Documentation Update

Contributor's checklist

  • Read through contributor's guide
  • Enough context is provided in the sections above
  • Adequate tests were added if applicable

Copy link
Copy Markdown
Contributor

@hudi-agent hudi-agent left a comment

Choose a reason for hiding this comment

The reason will be displayed to describe this comment to others. Learn more.

🤖 This review was generated by an AI agent and may contain mistakes. Please verify any suggestions before applying.

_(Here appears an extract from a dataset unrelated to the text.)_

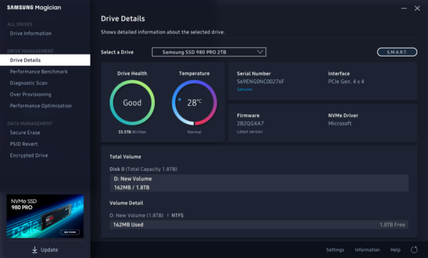 The Samsung Magician software is designed to help users easily monitor the health and maximize the performance of their Samsung SSD. From the main screen, users can check the condition of their drives and view information like the temperature, total and available capacities and the total bytes written.

Thanks for the contribution! This PR consolidates record key field parsing across the codebase by routing all call sites through a single KeyGenUtils.getRecordKeyFields helper. A few behavioral edge cases worth double-checking in the inline comments, particularly around an existing test that asserts untrimmed values and one place where only one side of a containsAll comparison is being normalized. Please take a look at any inline comments, and this should be ready for a Hudi committer or PMC member to take it from here. A couple of nits below — one test file that appears accidentally included, and one spot where the raw .split(",") wasn't replaced to complete the unification.

return new String[]{};
}
return recordKeyStr.split(",");
return KeyGenUtils.getRecordKeyFields(recordKeyStr).toArray(new String[0]);
Copy link
Copy Markdown
Contributor

Choose a reason for hiding this comment

The reason will be displayed to describe this comment to others. Learn more.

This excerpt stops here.